Risk Management

Overview

In the last decade, significant advances have been achieved in measuring and managing risk. Among these advances are the introduction and current widespread acceptance of Value-at-Risk for measuring market risk, the assessment of credit risk on a portfolio-wide basis, and the recent introduction of operational risk into the overall risk measurement and management framework.

The increasing quantification of risk makes it a central theme in both the daily operations and long-term strategy of most organizations. Risk management is no longer strictly a response to regulatory requirements. It has instead become a business necessity and often a competitive advantage to those firms who recognize and understand its value. Effective risk management provides firms the ability to stabilize cash flows. Perhaps more important, it offers firms a way to customize their risk profile, shedding the risks they are unwilling to bear, and enabling them to concentrate on their primary businesses. Ultimately, enhanced risk management better aligns risk and return, thereby allowing firms to survive and prosper in today’s increasingly complex financial environment.
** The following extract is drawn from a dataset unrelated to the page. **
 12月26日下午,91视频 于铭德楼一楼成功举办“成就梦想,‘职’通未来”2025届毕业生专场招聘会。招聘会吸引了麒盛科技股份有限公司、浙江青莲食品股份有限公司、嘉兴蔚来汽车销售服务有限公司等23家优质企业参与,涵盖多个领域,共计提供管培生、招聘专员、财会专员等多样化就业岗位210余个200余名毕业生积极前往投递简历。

Secretariat Economists combines industry knowledge with strong financial modeling and statistical capabilities to offer customized risk management solutions to both financial and non-financial corporations.

Secretariat Economists’ Approach to Risk Management

Although many firms may be exposed to similar risks, all firms are inherently different and their exposures to each type of risk are distinct from one another. As a result, no packaged software program or analysis template can provide the kinds of customized analyses required by individual firms.
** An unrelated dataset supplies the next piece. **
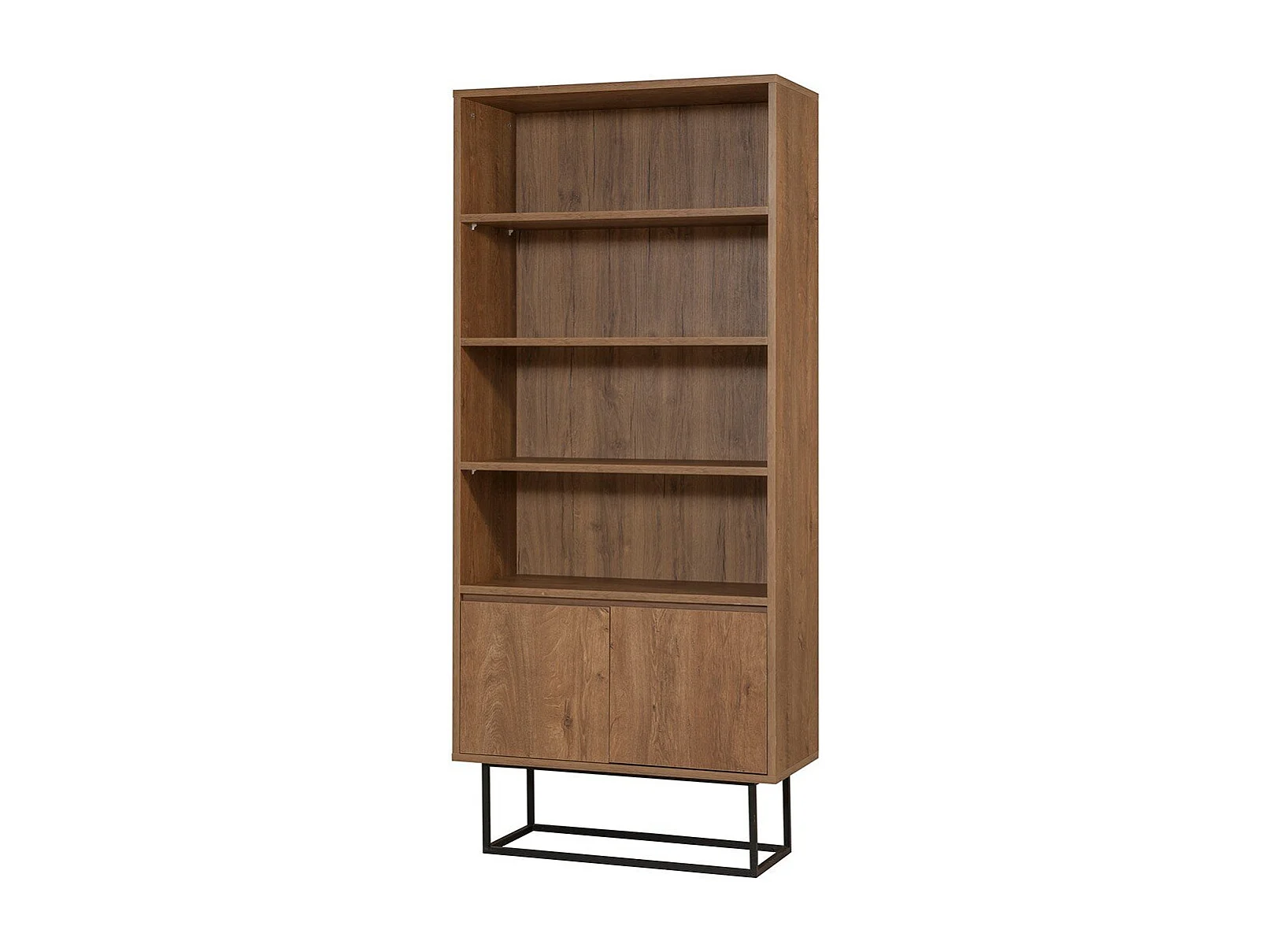 Etagère avec 3 tablettes et 2 portes décor noyer H182 cm - Rea

Secretariat Economists’ approach is to determine the individual needs of each company and to tailor its analysis to fit the client’s particular situation. At times, Secretariat Economists analysts may draw on the output of packaged software programs to assist our clients. In other instances, they may develop customized software that addresses the clients’ unique circumstances. Secretariat Economists also works closely with risk-management personnel in our client organizations to create systems and processes whereby risk management tools can be monitored, assessed and revised. This close working relationship enables Secretariat Economists to combine analyses, tools and ideas into practical recommendations that assist clients in management planning and strategy formulation. Secretariat Economists thus offers complete and customized solutions to each client to address their specific risk management needs.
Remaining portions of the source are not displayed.